This time, except for the fact that I’ve been grounded and couldn’t go out looking for help, I did the same things I did when I first got sober.  I called people and asked for help.  I have made a ton of friends in 12 step recovery, and a very special handful of those people have kept my phone turned on, kept food in my fridge, helped me with laundry, come over to be with me as I relearn to master skills like walking around the block.  I’ve been lucky enough to have a dozen people show up at my house to bring me a meeting because they knew I couldn’t get out to or sit through one.

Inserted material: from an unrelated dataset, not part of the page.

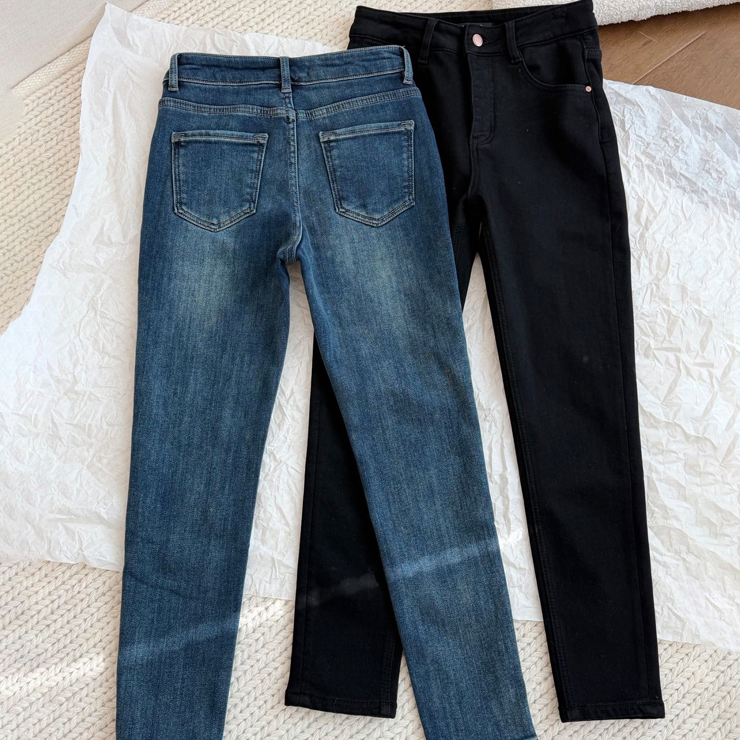 - 黑色高腰牛仔裤

Little by little and day by day I’ve been getting better and stronger.  Little by little the pain is going away.  But in great and wonderful ways I have regained hope that when I remain willing to do what must be done to recover, that I will continue to recover.  When I am willing to be honest with the people that love me about what is going on with me and humble enough to receive their help, things get better, and they get better fast.

I wish I had known, as I was checking in to the hospital, what the emotional price was going to be.  I wish I had known that it would be just like starting over.  I don’t know.  Maybe someone has said it in a meeting before and I just didn’t hear it or get it.  So that’s what I wanted to share: life can be really hard and there are things that come down the pike that are going to make you feel like you felt right before or right after you got sober.  What has really helped me was remembering the things that I did back then and DOING THAT.  Asking for help and recieving help and talking about my fears and my hopelessness and listening to other people share how grateful they have been for my help in the past and how happy they are to be able to help me has returned me to a state of faith and hope.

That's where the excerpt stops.